Selain itu, negara pun merugikan masyarakat karena tidak maksimal dan berkualitasnya pelayanan. Masyakarta lah yang menggaji penyelenggara negara, dengan uang pajak yang dibayarkan ditambah hasil-hasil dari kekayaan alam.

Menjadi ironi getir jika ASN dan para pejabat politik atau penyelenggara negara yang digaji negara justru banyak menikmati hari libur, sementara masyarakat nonstruktural yang menghidupi dirinya sendiri dengan kerja keras tidak libur. Negara pelayanan dan negara kesejahteraan pun menjadi sulit terwujud di tangan ASN dan penyelenggara negara yang kurang memiliki etos kerja, etos kreatif dan produktivitas.

Bandingkan hal ini dengan bangsa Korea dan Jepang yang relatif memiliki etos tinggi dan produktif. Kehidupan mereka jauh lebih sulit dibanding bangsa kita karena mereka menghadapi empat musim, sementara kita hanya menghadapi dua musim.

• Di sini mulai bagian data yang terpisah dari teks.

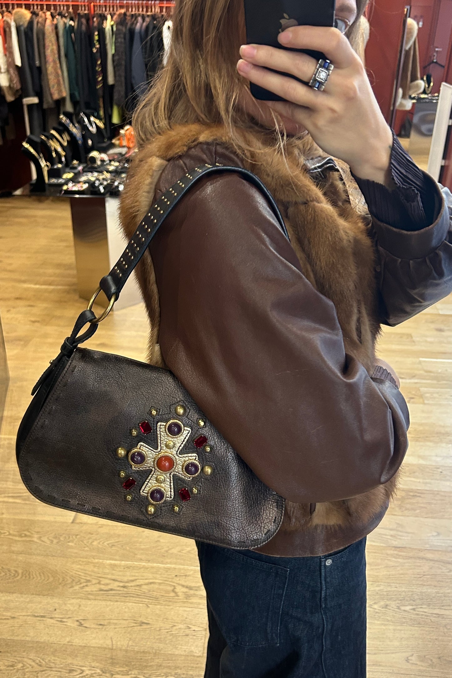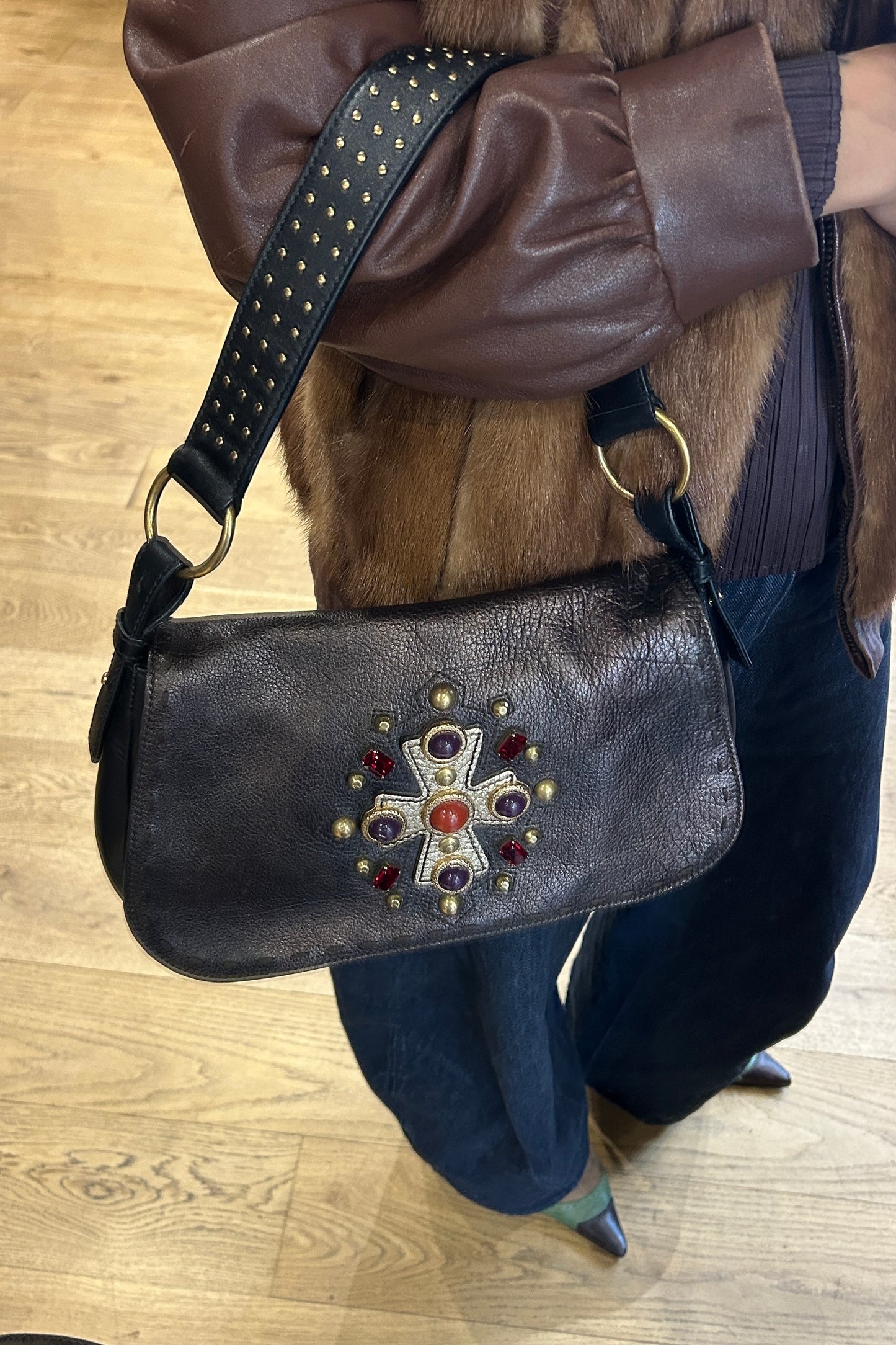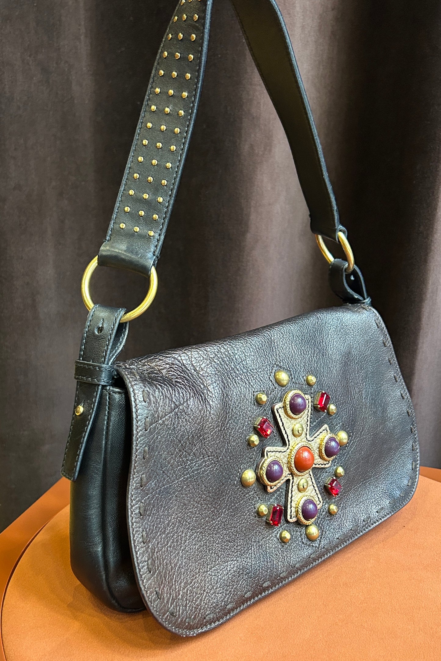 This beautiful Yves Saint Laurent Venice bag from the 2000s is crafted from rich brown leather and features a striking cross detail on the front, formed with decorative jewelry elements that add a bold yet elegant touch. Designed in the perfect everyday size, it is both practical and effortlessly chic. The bag comes with a certificate of authenticity.
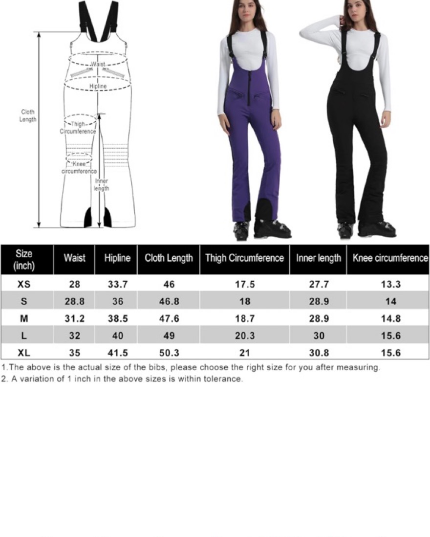 Snowpants worn for one trip, warm, fitted, bib - fit over ski and snowboard boots
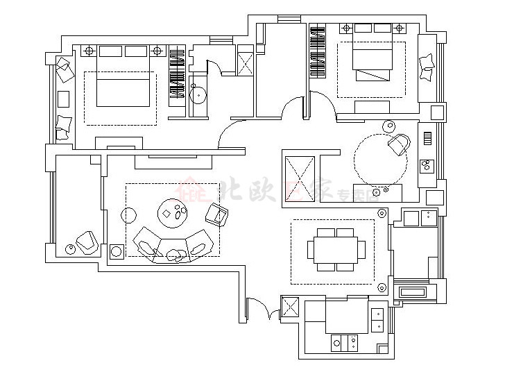 主卧搭配的是风尚2049系列的黑胡桃家具,比较沉稳大气;儿童房则选择了该系列的榆木材质家具,搭配清新自然的床品,使空间显得更加的温馨舒适。
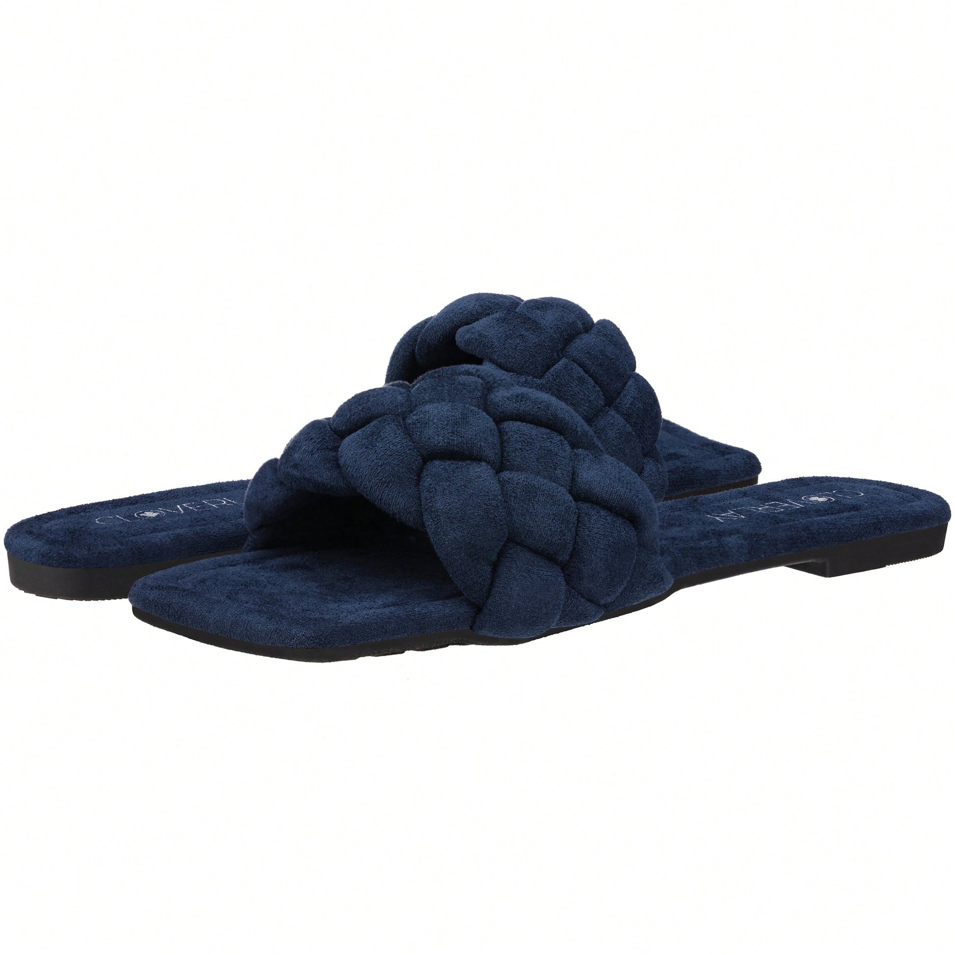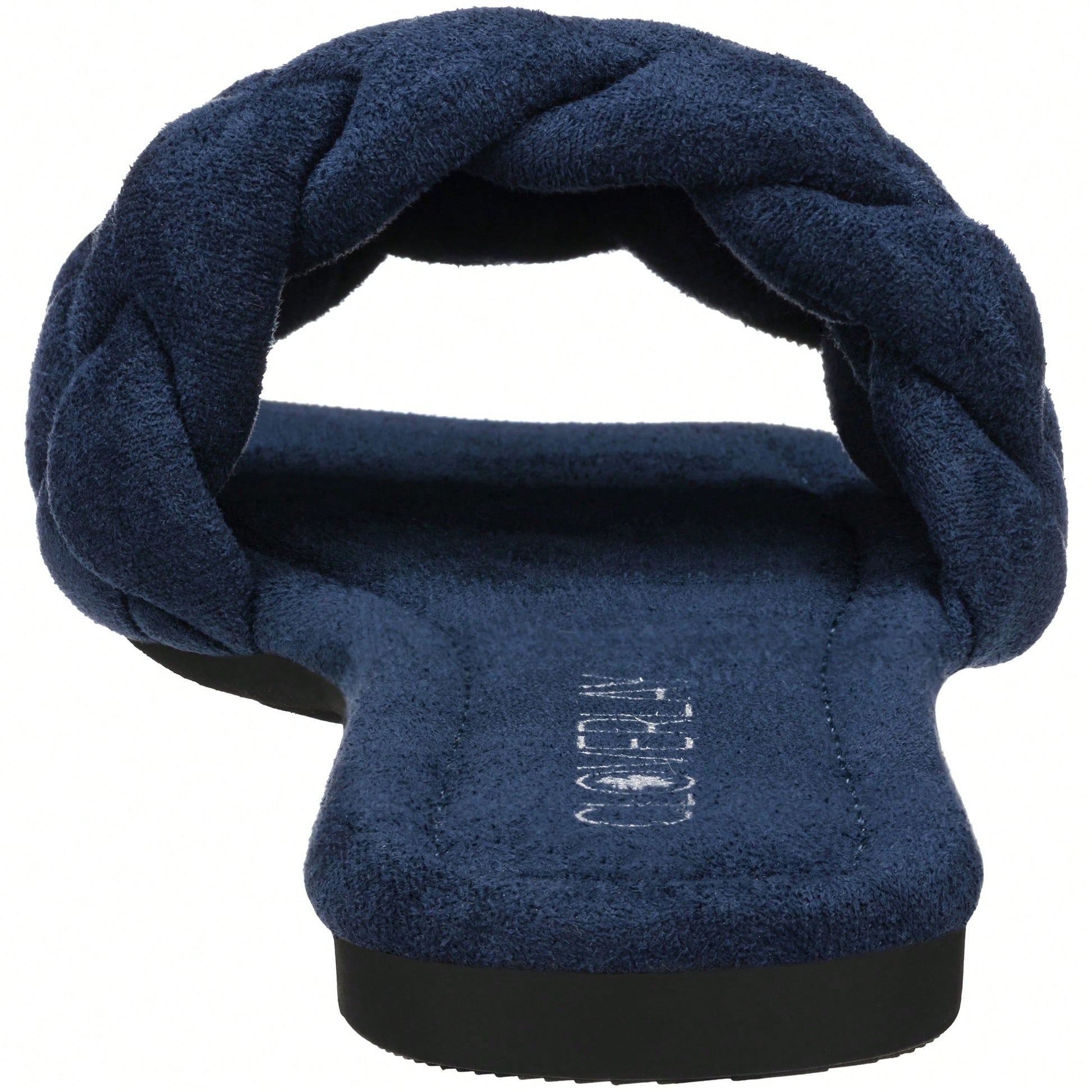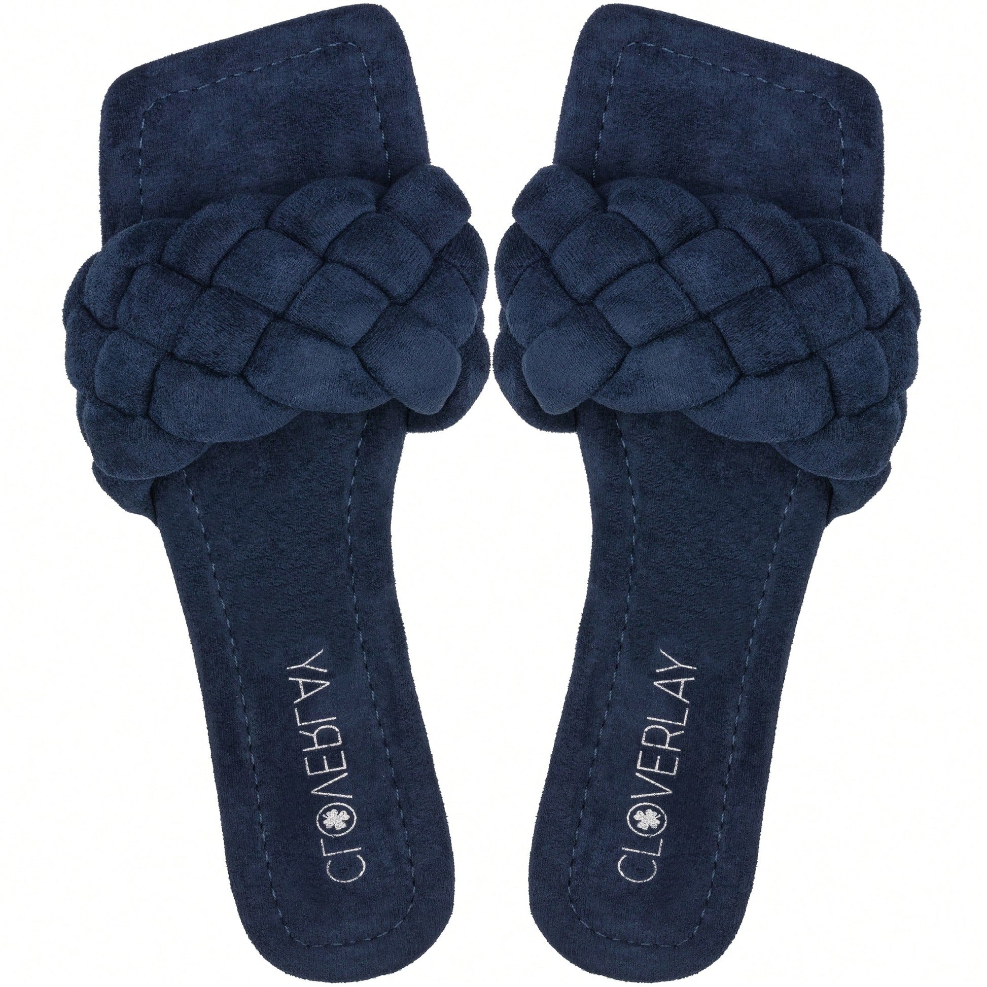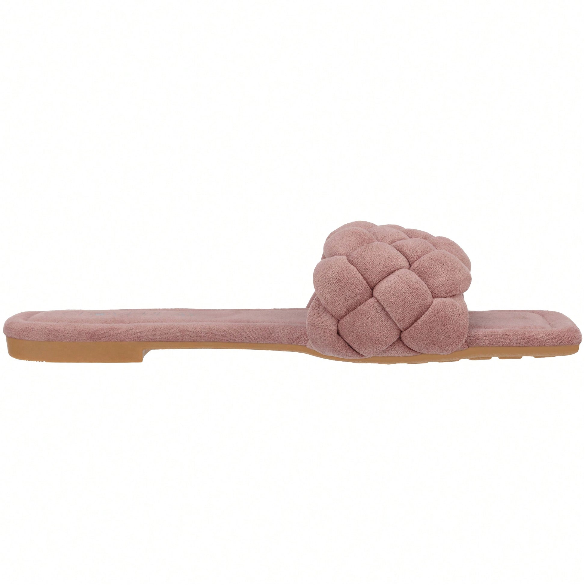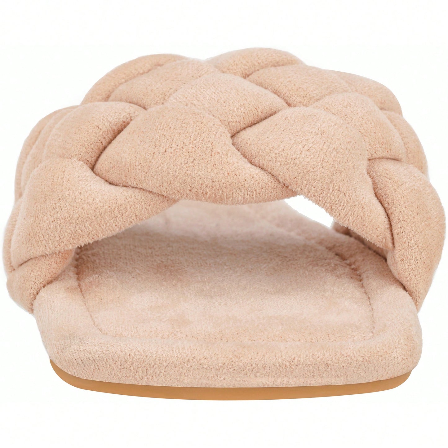 Women Braided Design Single Band Flat Sandals Open Toe Slide Sandals Square Toe Woven Sandals
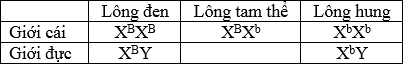 Ở mèo, gene B qui định màu lông đen nằm trên NST giới tính X, gene b qui định màu lông hung, mèo
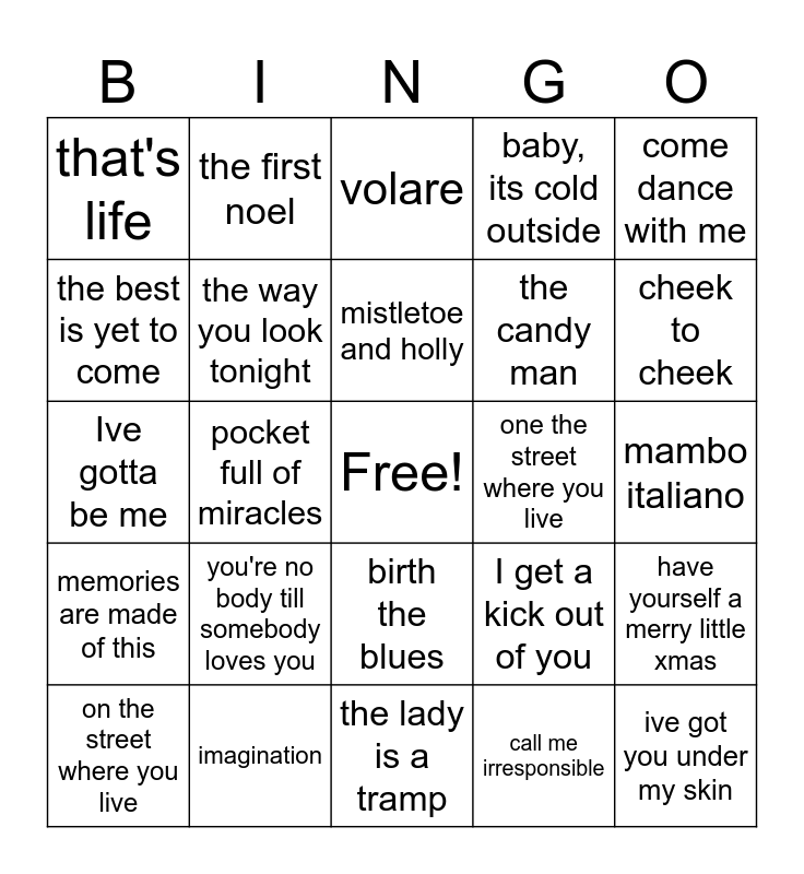 This bingo card has a free space and 29 words: on the street where you live, one for my baby, pocket full of miracles, that's amore, that's life, volare, the way you look tonight, you're no body till somebody loves you, one the street where you live, imagination, mambo italiano, ive got you under my skin, the lady is a tramp, call me irresponsible, cheek to cheek, come fly with me, birth the blues, memories are made of this, come dance with me, Ive gotta be me, I get a kick out of you, I get a kick out of you, the candy man, the best is yet to come, baby, its cold outside, the first noel, have yourself a merry little xmas, mistletoe and holly and let it snow.
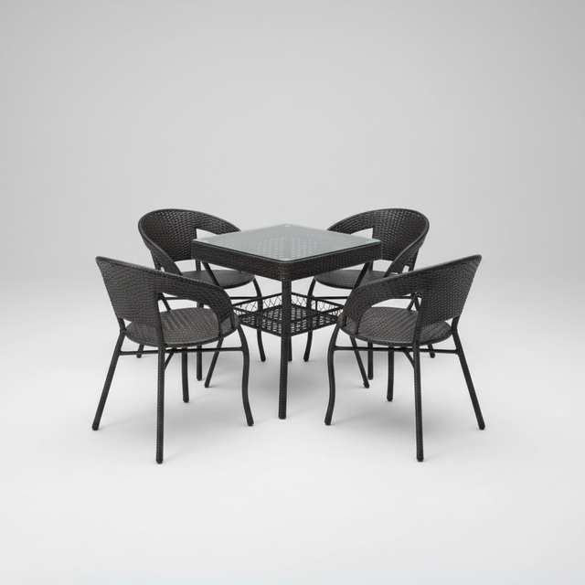 Transform your outdoor space with this elegant rattan dining set. Perfect for patios, gardens, balconies, and outdoor dining areas, this complete set includes one square glass-top table and four comfortable rattan chairs. The weather-resistant woven rattan construction withstands outdoor conditions, while the tempered glass tabletop provides a sleek, easy-to-clean surface. The curved rattan chairs offer comfortable seating with supportive backrests and armrests. Built with sturdy metal frames for durability and stability.

Namun DNA mereka memang DNA pekerja keras, sehingga semua kendala dapat terasa dengan sangat baik. Ini terbukti dengan peradaban yang mereka bangun, seperti tampak pada nilai-nilai, etika, etos, dan perilaku yang mendorong mereka mampu menghasilkan karya di bidang ekonomi, budaya, teknologi dan hukum, sehingga sebagai bangsa mereka eksis di dunia.

Saatnya membangun sistem kerja yang lebih visioner dan menunjang produktivitas. Harus ada aturan atau regulasi yang secara ketat dijalankan, demi terhindarnya bangsa kita dari “kemalasan” kolektif akibat hari libur yang terlalu banyak. Bahaya terbesar dari libur terlalu banyak adalah terbentuknya mental mengejar kenikmatan baik secara biologis maupun psikologis. Akhirnya bangsa kita menjadi bangsa hedonistik, selalu memburu dan menyembah kenikmatan tanpa diimbangi etos kerja tinggi.

 *Penulis adalah pemerhati kebudayaan.